Kicking Progressives in the Face



The ugly conceit with which Obama has been willing to risk alienating 
progressive, left-leaning voters could come back to haunt him in November. The 
militantly centrist corporate-sponsored Obama has irritated many of his leftmost 
supporters with the lurches he has made further to the right after securing the 
Democratic presidential nomination.  Even I (a consistent left critic of Obama 
since his highly conservative 2004 Keynote Address) have been surprised at the 
speed and strength with which he has kicked his more progressive supporters in 
the face (and other bodily regions) by:



* embracing the Supreme Court ruling that invalidated a Washington D.C ban on 
personal handguns and claimed that the Second Constitutional Amendment pertains 
to private citizens, not just organized state "militias."

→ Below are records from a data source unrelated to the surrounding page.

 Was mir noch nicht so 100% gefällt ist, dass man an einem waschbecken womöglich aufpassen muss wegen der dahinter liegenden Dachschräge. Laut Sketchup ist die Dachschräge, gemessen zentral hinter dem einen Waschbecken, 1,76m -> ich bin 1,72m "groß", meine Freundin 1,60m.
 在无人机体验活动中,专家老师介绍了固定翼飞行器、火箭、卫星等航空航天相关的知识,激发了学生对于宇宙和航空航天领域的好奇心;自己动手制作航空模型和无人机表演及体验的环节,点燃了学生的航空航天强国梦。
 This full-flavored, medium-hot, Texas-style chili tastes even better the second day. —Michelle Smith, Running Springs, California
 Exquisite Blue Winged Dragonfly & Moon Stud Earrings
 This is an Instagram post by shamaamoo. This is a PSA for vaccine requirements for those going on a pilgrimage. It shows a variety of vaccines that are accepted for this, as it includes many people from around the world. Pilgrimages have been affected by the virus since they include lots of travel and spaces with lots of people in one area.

* declaring his belief in the state's right to kill certain criminals, including 
child rapists.



* becoming the first major party presidential candidate to bypass the public 
presidential financing system and to reject accompanying spending limits 
(violating his earlier pledge to work through the public system and accept those 
limits).



* supporting a refurbished spy bill that grants retroactive immunity to 
telephone corporations who collaborated with the White House in electronic 
surveillance of American citizens (violating Obama's earlier pledge to 
filibuster any surveillance legislation containing such immunity).

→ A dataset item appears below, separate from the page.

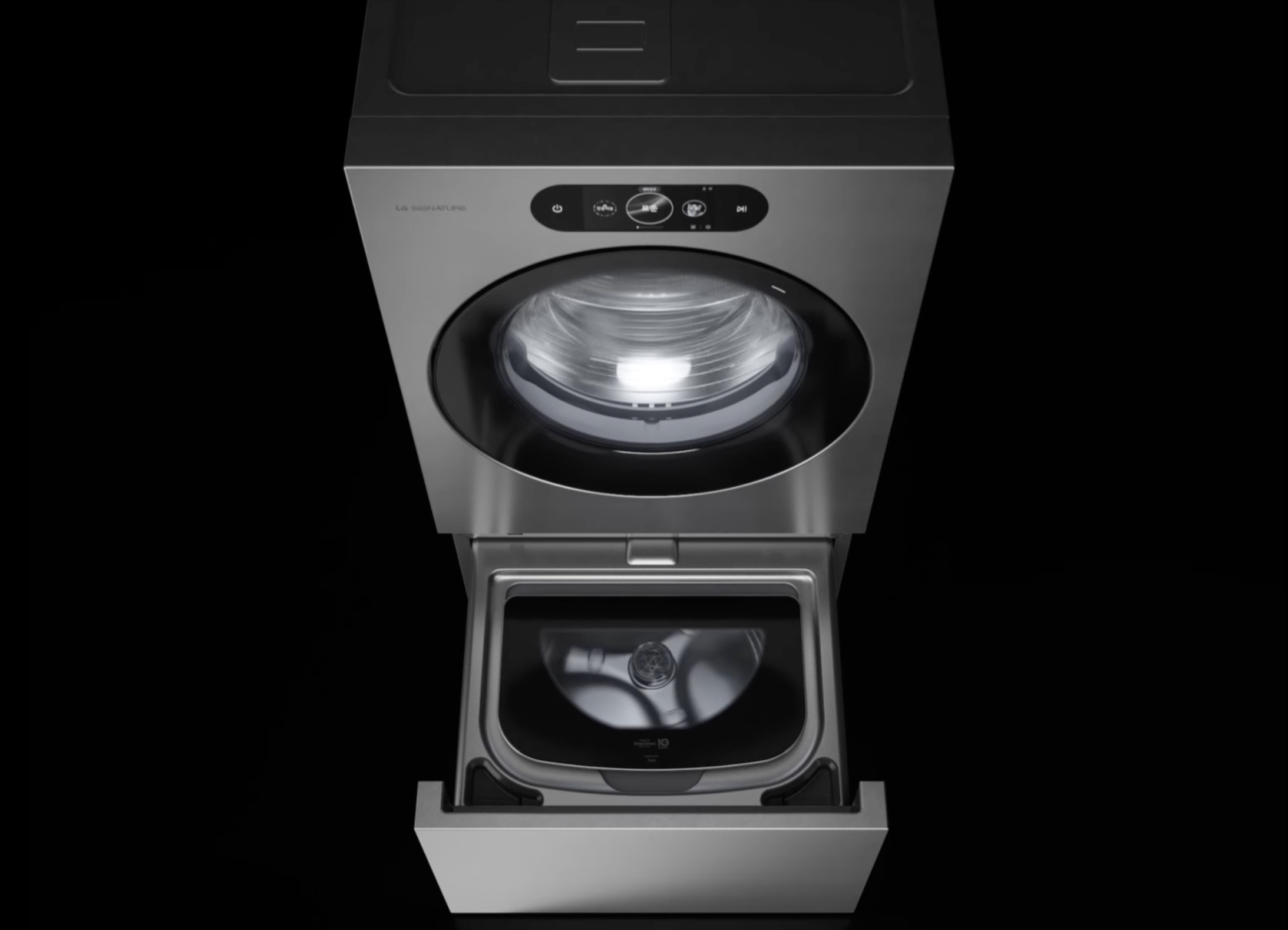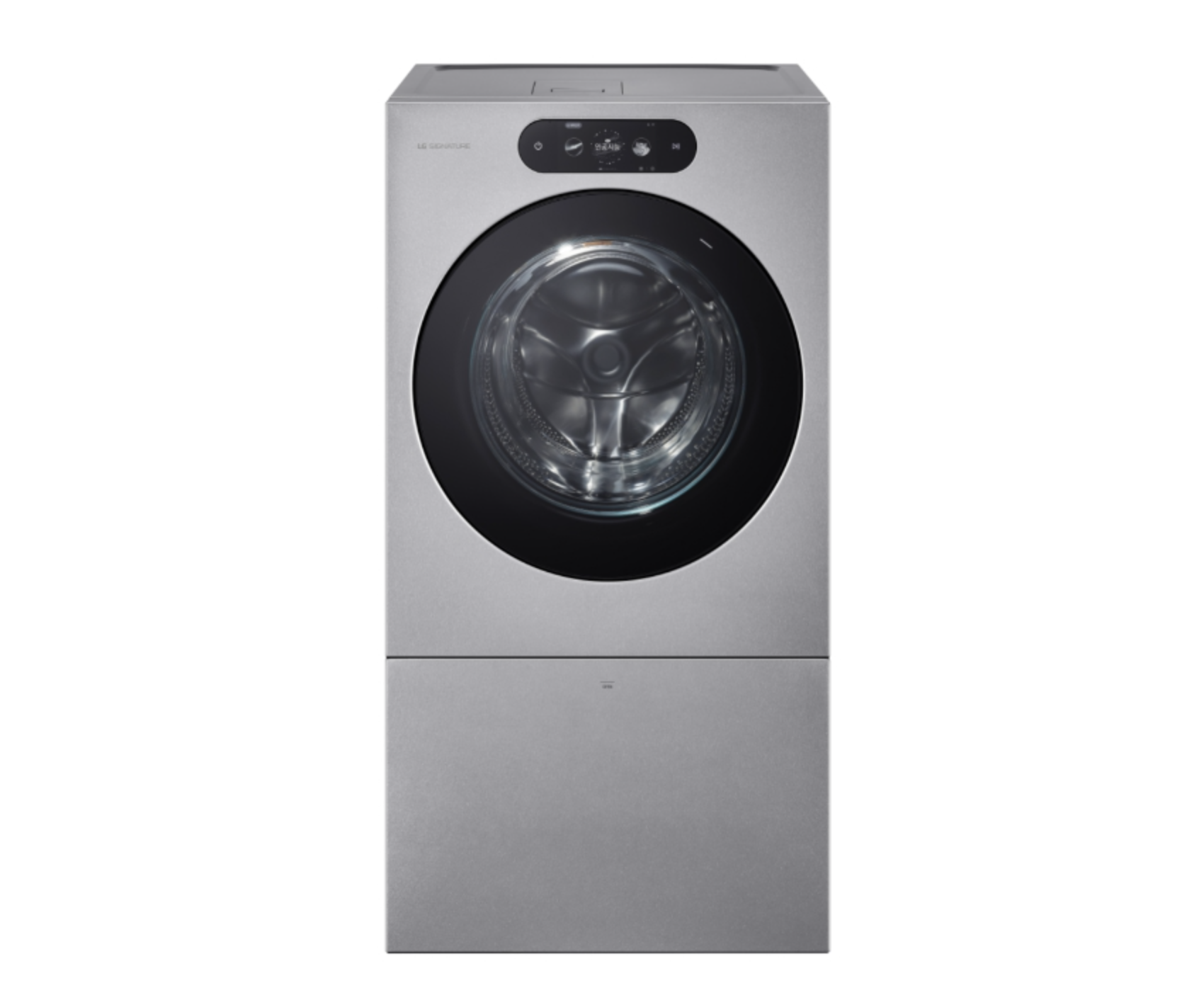 LG 시그니처 세탁건조기는 시그니처 라인답게 리얼 스테인리스 소재로 디자인 되었습니다. 그리고 전면에는 7인치 와이드 LCD 디스플레이가 있어 세탁기, 건조기, 미니워시까지 통합 제어를 할 수 있습니다.

*  appointing the corporate-friendly Wal-Mart apologist and Hamilton Project [3] 
economist Jason Furman as his economic policy director - something that stood in 
curious relation to his criticism ("I won't shop there") of Wal-Mart's low-wage 
anti-union practices when speaking to labor audiences.



* increasing his declared support of "free trade," contradicting his 
campaign-trail criticism of the North American Free Trade Agreement (NAFTA).



* "tweaking" his claim that he would meet with Iran's president (he added new 
and more restrictive conditions).



* embracing (in a speech to the powerful pro-Israel lobby American Israel Public 
Affairs Committee - AIPAC) Bush-McCain rhetoric on the supposed Iranian nuclear 
threat and promising to do "anything" to protect the nuclear occupation and 
apartheid state of Israel from Iran (a nation previously attacked by Israel).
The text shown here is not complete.